For many Women, this is a special time when a new life is being created. It is a period of challenges and many changes in the life and body of the Woman.

But for those around her, it is also a period of change. And you, as a Personal Trainer, will have to make adjustments and modifications to your "athlete-future-mom" training plan.

👉 But what changes should be made?

👉 What types of exercises are most recommended?

👉 How to balance pregnancy with a training plan with goals and objectives?

“Pregnancy is not an illness!”

Being pregnant is an important moment in the life of a Woman. She undergoes physical and psychological changes that have a huge impact on her daily life, which in turn affects the fetus's health. It is a constant connection that never breaks.

But is pregnancy disabling? Not at all! As the popular saying goes, “pregnancy is not a disease!”

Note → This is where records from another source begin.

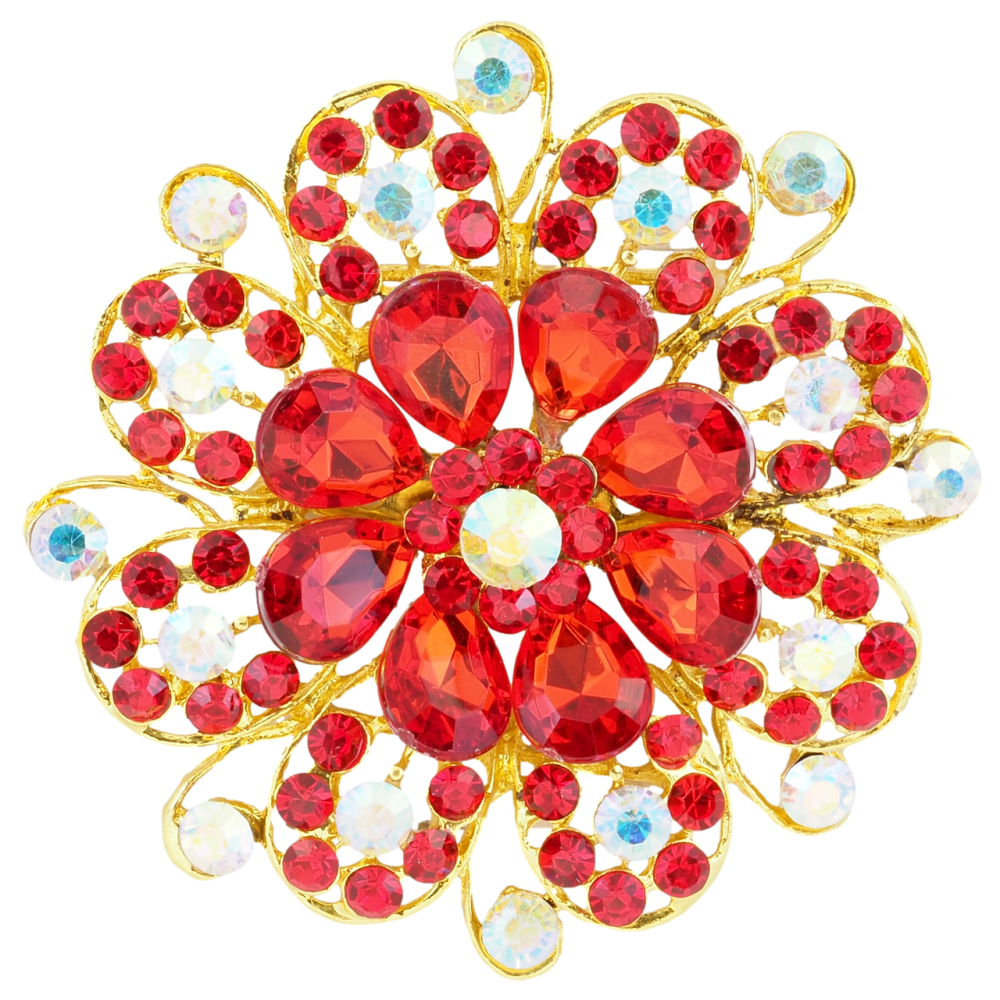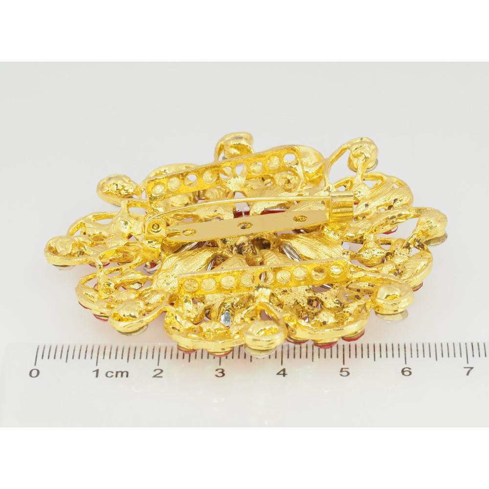 Брошка Квітка з червоними стразами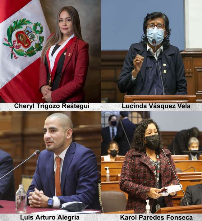 De este grupo, la mayor cantidad de parlamentarios pertenece a Fuerza Popular. Se trata de Rosangella Barbarán Reyes (Fuerza Popular), Carlos Ernesto Bustamante Donayre (Fuerza Popular), María del Pilar Cordero Jon Tay (Fuerza Popular) y Mery Infantes Castañeda (Fuerza Popular).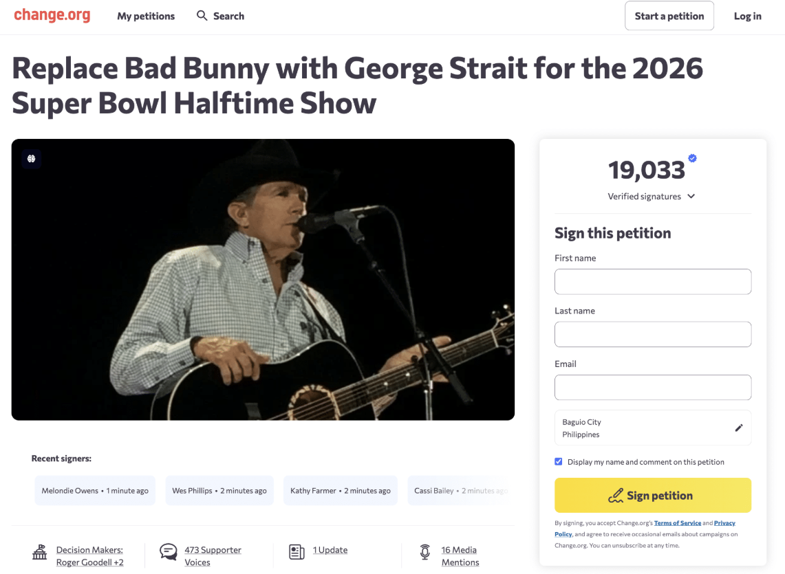 Supporters of the petition have flooded the comments with passionate messages that highlight frustration and pride in equal measure. One signer wrote, “Why would the Super Bowl in America, hosted by Americans, have a mainly Spanish singer? That makes no sense. Have the King of Country make this Super Bowl ten times better than last year.” Another added, “George Strait is a country classic, one hundred times better than Bad Bunny.”
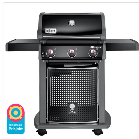 Weber gassgrill i svart utførelse. Grillen har lokk med innebygd termometer, grillrist i metall og to hovedbrennere med reguleringsknapper på siden. Den har sidebord på begge sider for avlastning under grilling, samt underskap med dører for oppbevaring av utstyr. Grillen står på hjul for enkel flytting på terrasse eller uteplass.

For example, in 2019, a study from the University of Alberta, Canada, with the Canadian Society for Exercise Physiology, the “Canadian Guideline for Physical Activity throughout Pregnancy” analyzed the available literature in English, Spanish, and French on exercise during pregnancy, concluding that unless there is a medical indication or associated comorbidity, pregnant women should continue to engage in moderate intensity physical exercise throughout the pregnancy. The researchers involved in the study even recommend a minimum of 150 minutes (accumulated) of physical activity per week “to achieve clinically significant health benefits and reduce complications during pregnancy.” Despite this minimum period, specialists “recommend” that physical activity should be daily.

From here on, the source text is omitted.